Мартин смотрел на колышущиеся ветви сосны, пока рядом раздавались инфернальные звуки. Затем встал, протянул руку брату, стоявшему на четвереньках над боком клумбы.

— Мать меня убьет за это.

Мартин посмотрел на испоганенные цветы:

— Я потом включу поливалку.

— Ты правда отказался от сана? — Роджер принял ладонь, выпрямился.

— Правда. Подал прошение, надо ждать.

Некоторое время братья молчали. Потом Роджер спросил:

— Что будешь делать теперь?

— Пытаться жить дальше.

Он ездил с Никки в рощу и к озеру. Купался на мелководье, пока братишка плавал до другого берега и назад. Выслушивал светские хроники и сравнительный анализ рецептов французских соусов от матери. По вторникам говорил с отцом, снова и снова правил свои идеи и ждал следующего вторника.

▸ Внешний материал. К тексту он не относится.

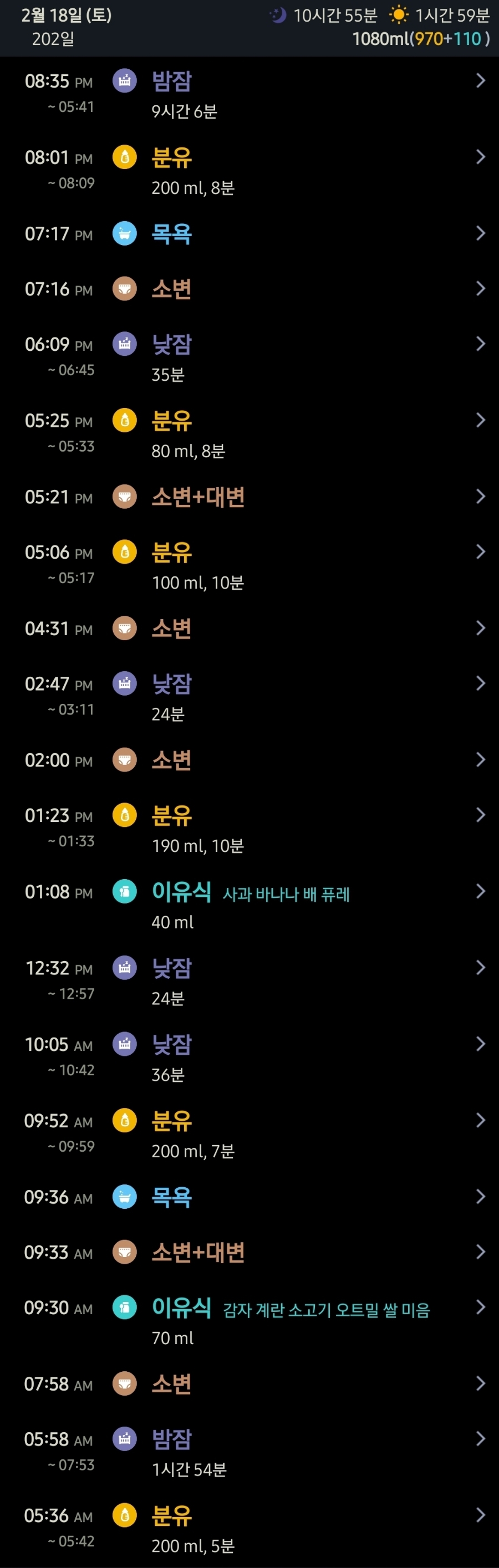 아직도 이유식의 양이 늘지 않아 하루에 2번 주기는 무리인 것 같다. 주변에 이안이 또래를 보면 우선 양을 늘리고 한 번에 먹는 양이 최소 100은 넘어야 하루에 2번씩 주기 시작하는 것 같다. 이러다가 먹는 양이 확 많아질 수도 있다고 하니 조급하게 마음먹지 않으려 한다. 중간에 간식을 꾸준히 주고 있기 때문에 나중에 하루에 2번씩 주게 될 때 간식 주던 시간에 이유식을 주면 될 것 같다. 이번 주에 이안이는 엎으려 있을 때 좀 더 팔을 쭉 펴서 하늘 보기 자세를 완벽하게 할 수 있게 되었다. 그리고 점점 몸을 회전하는 각도가 늘어나고 있고 허리를 펴고 앉는 시간이 늘어나고 있다. 터미타임을 좀 더 자주 해줘야 할 것 같다. 이 앓이를 하지는 않지만 여전히 침은 폭포수처럼 떨어지고 게워내는 것도 여전하다. 덕분에 매일 세탁기가 바쁘게 돌아가고 있다. 낮잠 자는 텀을 늘리면 낮잠을 조금 더 길게 자지 않을까 싶어서 1시간 반마다 자던 낮잠을 2시간을 늘려도 보았지만 큰 효과는 없었다.
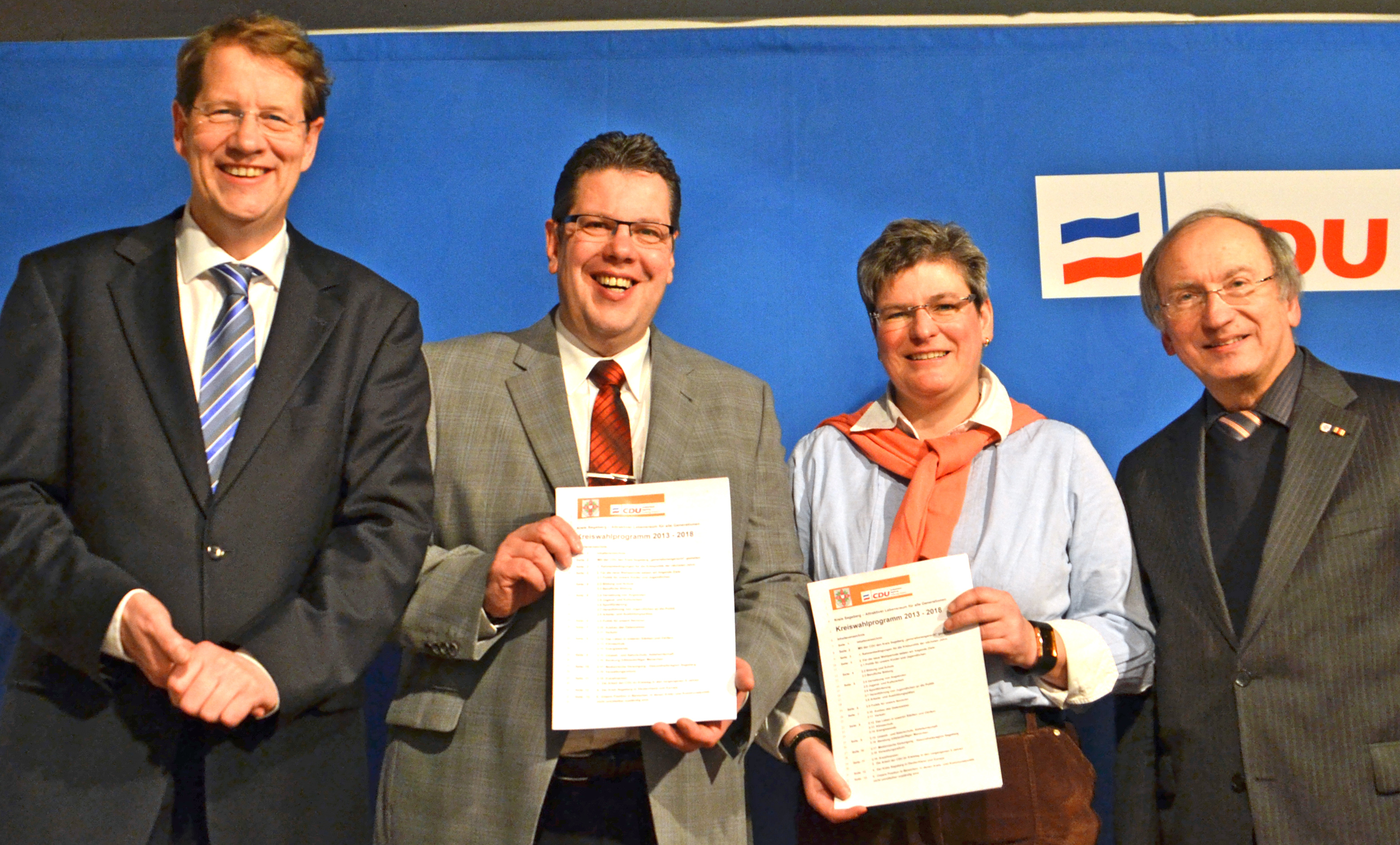 Zufriedene Mienen nach einem gelungenen Mitgliederparteitag: Der CDU-Kreisvorsitzende Gero Storjohann MdB, Spitzenkandidat Claus Peter Dieck, die Kreistagsabgeordnete Annette Glage aus Boostedt und Kreispräsident Winfried Zylka, der Vorsitzende der Programmkommission.
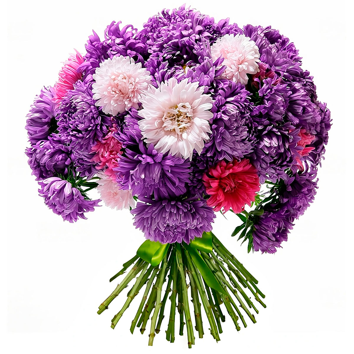 Одноголовые сиреневые хризантемы, белые, розовые.
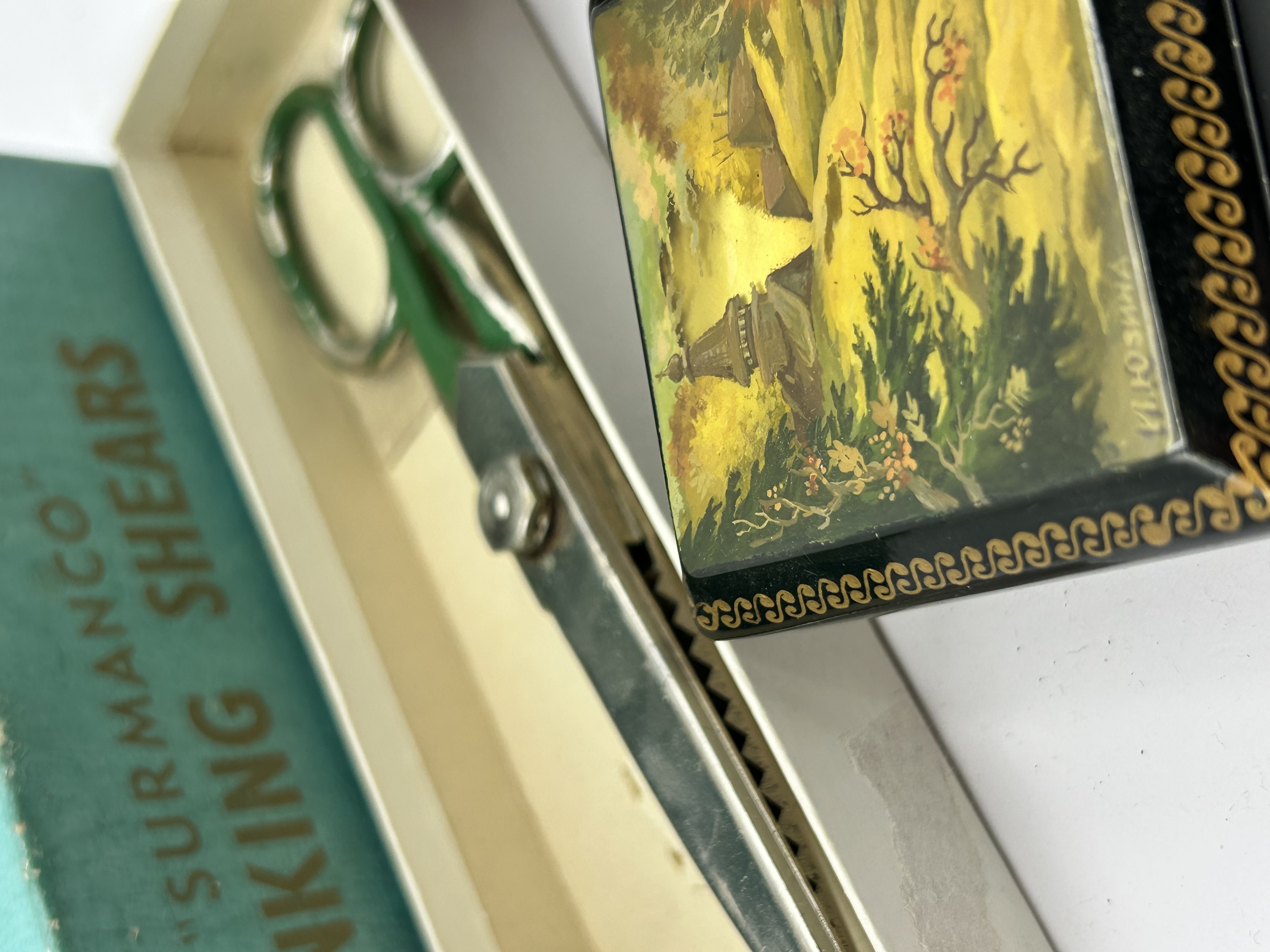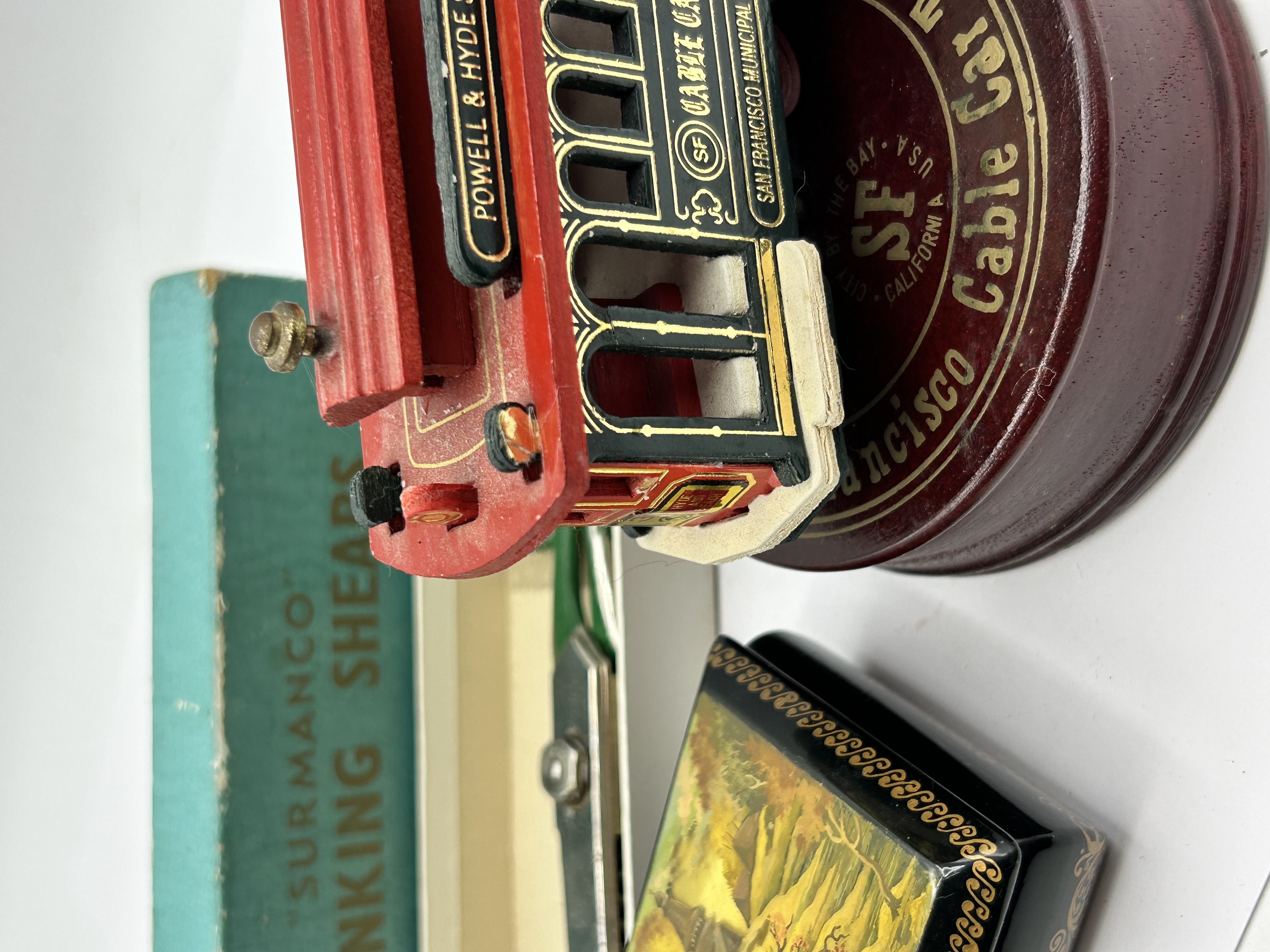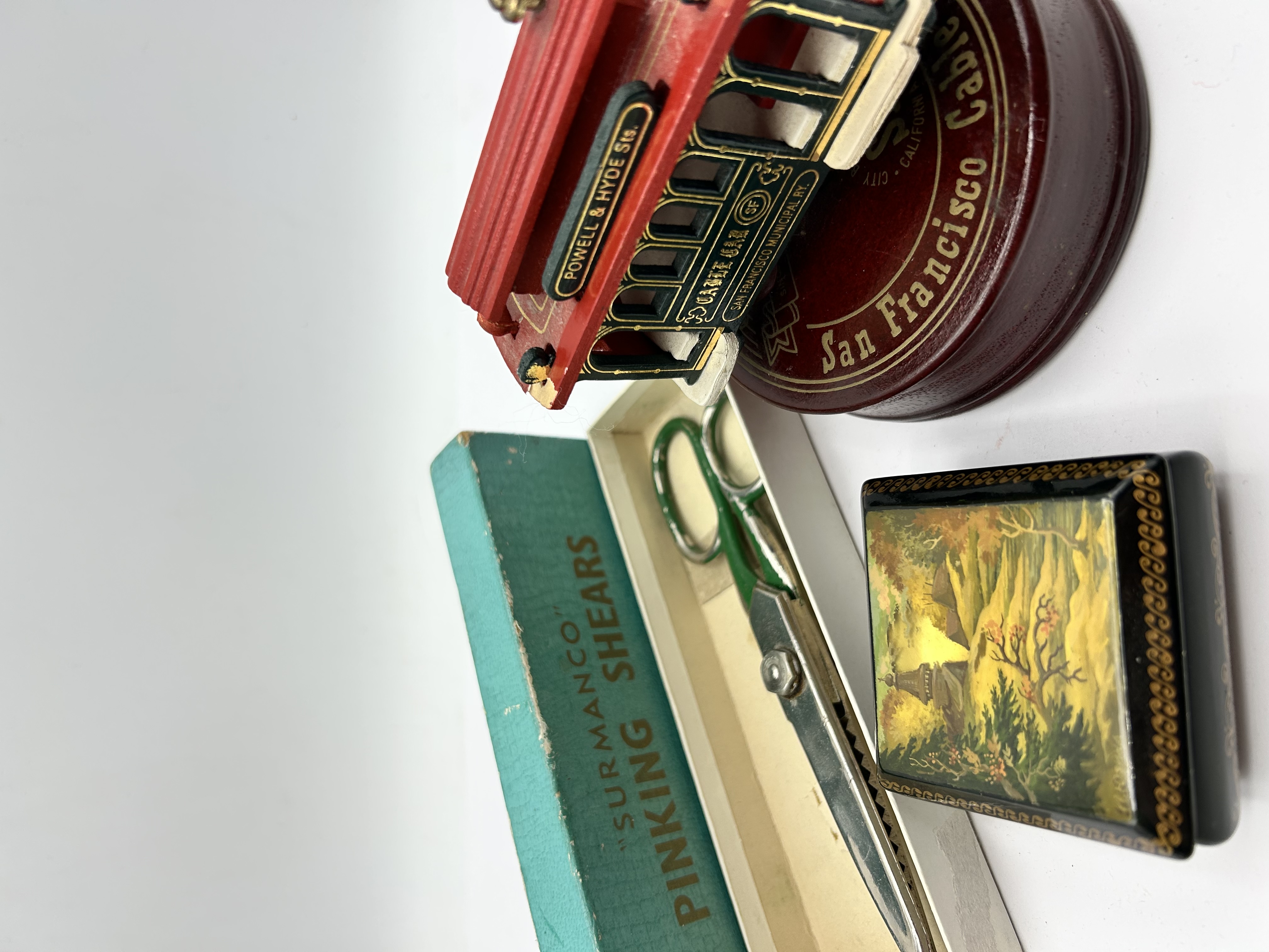 A trio of vintage collectibles. The lot includes a pair of Surmanco pinking shears with green-painted metal handles, housed in the original teal and cream cardboard box. Also featured is a model of a San Francisco Powell and Hyde Sts. cable car, mounted on a circular dark wood base. The model is finished in red and black paint with gold-tone detailing and San Francisco Municipal Ry. text; this item is attributed to the San Francisco Music Box Company. The third item is a rectangular black lacquer box, likely of Russian origin, featuring a hand-painted landscape scene on the lid depicting a building amongst trees, finished with a gold-tone scrolled border and a Cyrillic signature to the lower right.

Он пришел в некое равновесие. Даже отважился подумать о последствии прошения, что подал сразу после разговора с Эвой. Ссоры с Эвой. Расставания с Эвой. Нет-нет-нет, только о конверте. О плотном белом конверте формата А4, посланном заказной почтой. И о том, что будет дальше. Мартин не имел четкого понятия, лишь смутные образы возможных событий. Робкие, неуверенные желания с неясным путем воплощения. Сказочные, по большей части. Но они все-таки были. Если смотреть на себя со стороны — то это хороший показатель. Куда лучше черной апатии, рожденной отчаянием.

Внизу негромко говорили мама и Никки. В другое окно доносился рев музыки из спортзала — там Роджер разрабатывал руки.

Звезды высыпали на небо после недель туманов. Мартин смотрел на сияющую Венеру сквозь непривычно огромное окно своей комнаты. А потом решился опуститься на колени. Не на камни: на мягкий ковролин, ненавязчиво пахнущий лавандой. Он не молился так долго! И теперь обращался к Богу дерзко, своими словами, как стал бы говорить с равным, с человеком. С тем, кто точно поймет, хотя бы попробует понять… И услышал нечто, по чему тосковал. Знакомое, невесомое ощущение присутствия — как теплый ветер на щеке. Не смея поверить, не смея открыть глаз, сделал то, чего не делал никогда: лег на пол плашмя, в полном и беспрекословном подчинении, благоговении; от сердца, чествуя милосердного Творца Вселенной.

***

Квартирка нашлась по счастливому случаю: знакомый Сильвии женился на француженке и перед отъездом в Гренобль решил продать часть недвижимости. Дом на тихой улочке удачно выходил окнами на солнечную сторону. Две просторных комнаты и кухня, небольшая кладовка на чердаке и парковочное место у подъезда — о чем еще мечтать? Хозяину дома Эва тоже, вроде бы, понравилась (при активном участии Сильвии, разумеется), и он обещал рассмотреть вариант продажи без посредника. 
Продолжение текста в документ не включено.